When completed, it was to have 147 multi-purpose dams and reservoirs (for flood control, power, irrigation, recreation); 38 hydro-power plants; a navigation channel nine feet deep and 300 feet wide, all the way from St. Louis on the Mississippi, up to Sioux City, Iowa; and continuous levees for 1,500 miles, and more. (See EIR, June 10, 2011, “No More Floods! Build the Missouri River Development Project,” by Anthony DeFranco, pp. 13-27.)
Only a portion of the Pick-Sloan Plan was ever built. After certain key, up-river dams were constructed, e.g., Gavins Point and others, the full plan languished. Moreover, the design had envisioned many related projects to upgrade land resources, which were also never done. The Missouri is nicknamed the Big Muddy because of its turbidity—the sediment load in its flow. To counter this, Pick-Sloan called for planting five-million acres of trees (equivalent to the area of Massachusetts), building 2.5 million acres of shelterbelt tree rows to counter wind erosion; and constructing two-million acres of terraces to deter top-soil loss from farm fields. William Sloan foresaw thousands of new farms, new cities and industrial centers.
But, like the continental-scale North American Water and Power Alliance (NAWAPA) project to upgrade the resource base all across western North America, all of these projects were blocked. It is time to resume the construction of these big projects.
Instead of pursuing the Big Projects approach—as the Franklin Roosevelt Administration had done—U.S. policy after World War II came under control of the City of London/Wall Street policy of casino economics—financial speculation, deregulation, and outsourcing. Moreover, the green-movement wing of Wall Street argued that the American West must renounce dams, let the bison return, and drive out people.
Farm Crisis
Even before the latest, preventable flooding disaster, an extreme economic crisis had already been gripping this region. One marker of that is debt. Independent farm household debt levels and bankruptcies are surging in the Midwest states, and worry and suicide rates are high. This was described Feb. 27 by the usually sunny Sonny Perdue, Agriculture Secretary, in his testimony to the House Agriculture Committee. He said,
Farm debt has been rising more rapidly over the last five years, increasing by 30% since 2013—up from $315 billion to $409 billion, according to U.S. Department of Agriculture data, and up from $385 billion in just the last year—to levels seen in the 1980s.
There has been a surge in farm household bankruptcies under Chapter 12 of the Federal Code, which was first devised expressly for agriculture operations during the 1980s, when farm foreclosures were soaring. At that time, Wall Street interests muscled Washington to disallow any debt moratoria, or resumption of parity pricing, which would have stopped the crisis. So instead, Chapter 12 was created.

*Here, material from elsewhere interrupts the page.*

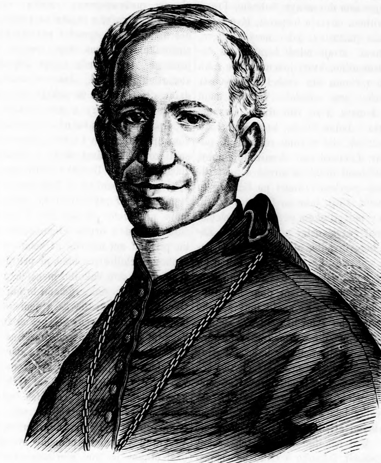
Pápež Lev XIII.

Za týmto oddielom stojí hospodársky dom, či majer, a v jeho susedstve rozprestierajú sa sady rozličných bylín, stromov a kriakov.

But many farmers are walking away altogether, or worse.
The Centers for Disease Control and Prevention (CDC) report that the rate of suicide among farmers is the highest in the nation. The new five-year farm law, in effect since January, calls for setting up suicide-prevention helplines and other measures for rural residents. The National Farmers Union (NFU) wants to go even further. In a March 25 statement, the NFU calls for funding of $10 million in FY 2020 for the Farm and Ranch Stress Assistance Network. The NFU reports, “Net farm income in 2018 was nearly 50 percent less than it was in 2013.”